The problem » The answer is the line containing "تشتت الحديث في" plus every line after it to the end of the material, retyped exactly and without the pictures.

Records to process »
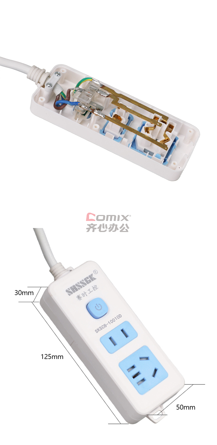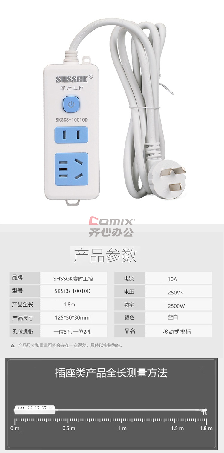 - 商品名称:赛时工控(SHSSGK) SKSC8-10010D 一位5孔 一位2孔 10A 250V 2500W 125*50*30mm 移动式排插 (计价单位:个) 蓝白
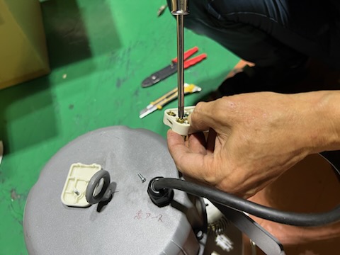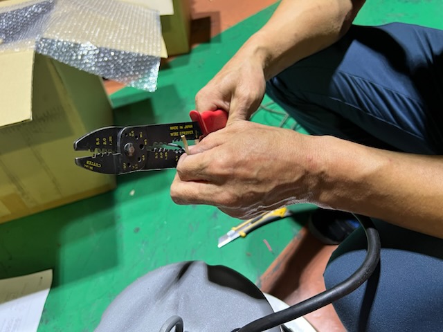 社長曰く、ネジが回転して閉まる方向(右回り)に銅線を添わせないと後々銅線が動く力でネジが緩むのだそうです。
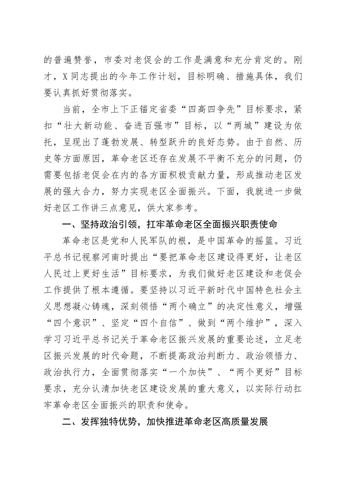 市委常委、统战部部长在市老区建设促进会理事会上的讲话尊敬的各位老领导,各位理事、同志们:今天,我们召开市老促会六届七次理事会议,看到各位老领导、老同志身体健康、精神饱满,感到非常高兴。在此,我代表市委、市政府,向会议的召开表示热烈的祝贺,向为老区建设发展辛勤付出的各位老领导、老同志和理事会成员致以崇高的敬意,向关心支持老区建设发展的社会各界表示衷心的感谢!刚才与大家一起观看了老促会工作专题片,X同志作了很好的工作报告,X同志宣读了市老促会“乡村振兴老区行”活动方案,X同志介绍了全市乡村振兴工作情况,大家要抓好贯彻落实,奋力谱写老区振兴新篇章。近年来,我市老促会始终秉持“全心全意为老区人民服务”...
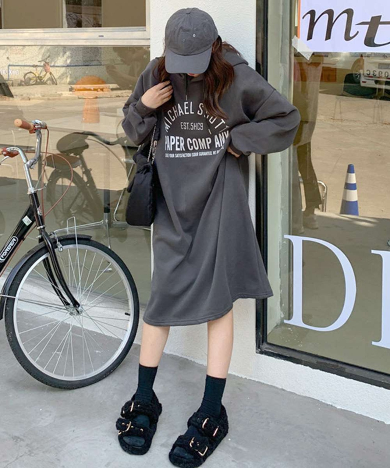 キャップやミニショルダーバッグ、ブーツを合わせてストリートカジュアルなスタイリングが楽しめる。
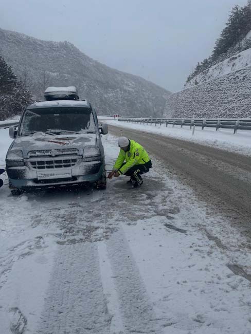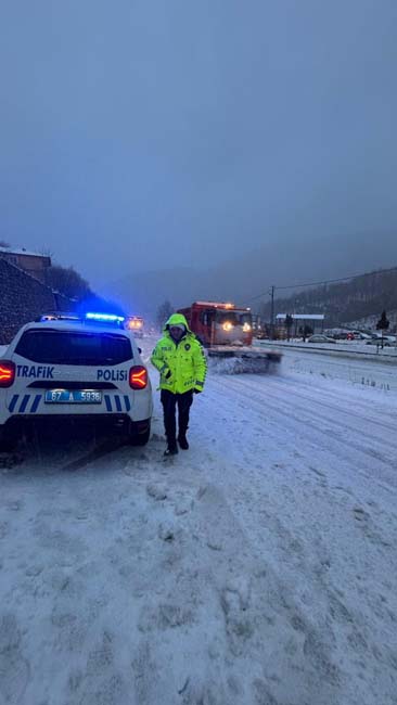 Yetkililer, sürücüleri kar lastiği olmadan yola çıkmamaları, trafik işaret ve işaretçilerine uymaları ve zorunlu olmadıkça özel araçlarını kullanmamaları konusunda uyardı.
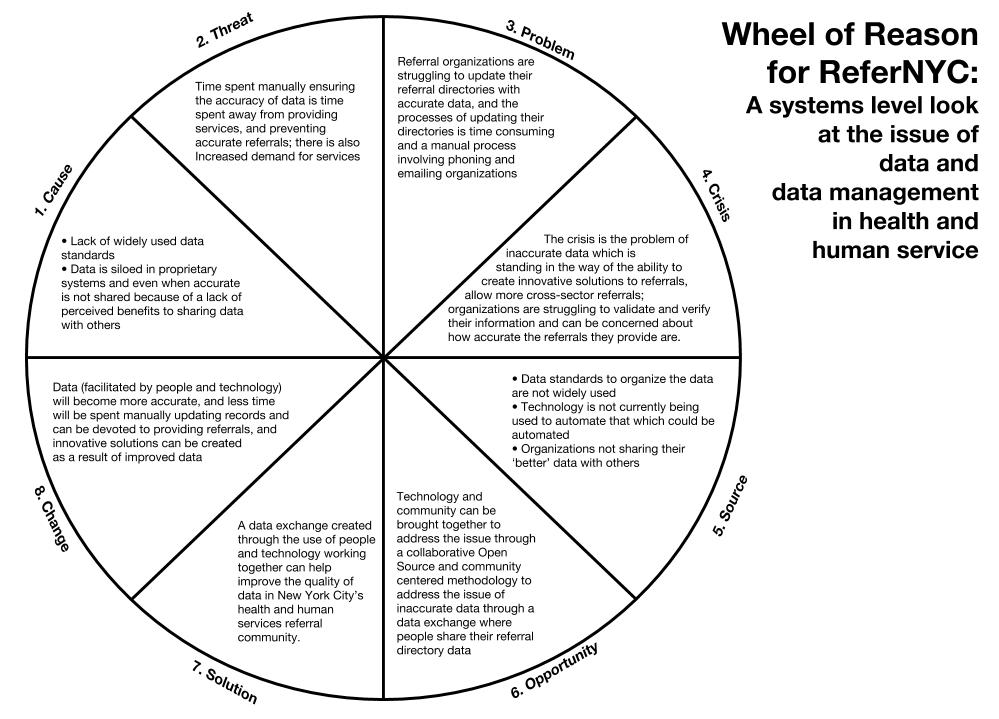 - Vision: Our goal was to understand how access to resources like referrals affects New Yorkers, especially those vulnerable to becoming homeless, involved in the Criminal Justice system, or any other health and human services scenarios. The work of Civic Hall Labs was tied to these Civic Determinants of Health to understand how to scale out participatory design within an R&D project. The vision was an interoperable, comprehensive, and accurate directory for non-profits by developing an Open Data Exchange.
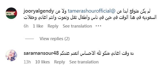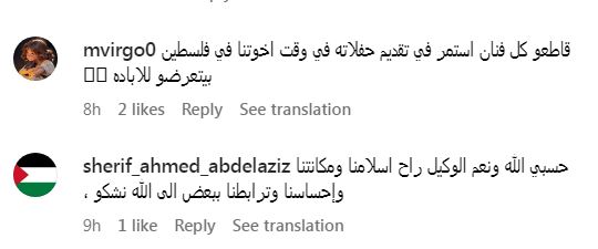تشتت الحديث في التعليقات على دعاية الحفلات بين من يسأل على كيفية مشاهدتها، وبين معارض على استمرارها على الرغم من أن المشاهد المفجعة في فلسطين، وما يمر به الشعب الفلسطيني في مواجهة موتاهم وجرحاهم وركام منازلهم، وآخرون من ينجمون في مطربهم المفضل ويعلن سعادته بالحفل.
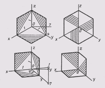 Построение наглядного изображения начинаем с проведения осей диметрии и указания масштаба МА 1,06: 1 (см. § 78). На оси z отмечаем положение центров 1, 2,..., 7 (рис. 199, а); расстояния между ними берем с главного вида предмета. Через отмеченные точки проводим оси диметрии. Затем строим в диметрии фигуры сечения сначала в плоскости xOz, а затем в плоскости yOz. Размеры координатных отрезков берем с комплексного чертежа (рис. 185); при этом размеры по оси у сокращаем в два раза. Выполняем штриховку сечений. Угол наклона линий штриховки в аксонометрии определяется диагоналями параллелограммов, построенных на аксонометрических осях с учетом коэффициентов искажения. На рис. 200, а приведен пример выбора направления штриховки в изометрии, а на рис. 200, б — в диметрии. Далее строим эллипсы — диметрию окружностей, расположенных в горизонтальных плоскостях (см. рис. 199, б). Проводим контурные линии наружного цилиндра, внутренних вертикальных отверстий, строим основание этих отверстий (рис. 199, в); вычерчиваем видимые линии пересечения горизонтальных отверстий с наружной и внутренними поверхностями.

Output below »
تشتت الحديث في التعليقات على دعاية الحفلات بين من يسأل على كيفية مشاهدتها، وبين معارض على استمرارها على الرغم من أن المشاهد المفجعة في فلسطين، وما يمر به الشعب الفلسطيني في مواجهة موتاهم وجرحاهم وركام منازلهم، وآخرون من ينجمون في مطربهم المفضل ويعلن سعادته بالحفل.
 Построение наглядного изображения начинаем с проведения осей диметрии и указания масштаба МА 1,06: 1 (см. § 78). На оси z отмечаем положение центров 1, 2,..., 7 (рис. 199, а); расстояния между ними берем с главного вида предмета. Через отмеченные точки проводим оси диметрии. Затем строим в диметрии фигуры сечения сначала в плоскости xOz, а затем в плоскости yOz. Размеры координатных отрезков берем с комплексного чертежа (рис. 185); при этом размеры по оси у сокращаем в два раза. Выполняем штриховку сечений. Угол наклона линий штриховки в аксонометрии определяется диагоналями параллелограммов, построенных на аксонометрических осях с учетом коэффициентов искажения. На рис. 200, а приведен пример выбора направления штриховки в изометрии, а на рис. 200, б — в диметрии. Далее строим эллипсы — диметрию окружностей, расположенных в горизонтальных плоскостях (см. рис. 199, б). Проводим контурные линии наружного цилиндра, внутренних вертикальных отверстий, строим основание этих отверстий (рис. 199, в); вычерчиваем видимые линии пересечения горизонтальных отверстий с наружной и внутренними поверхностями.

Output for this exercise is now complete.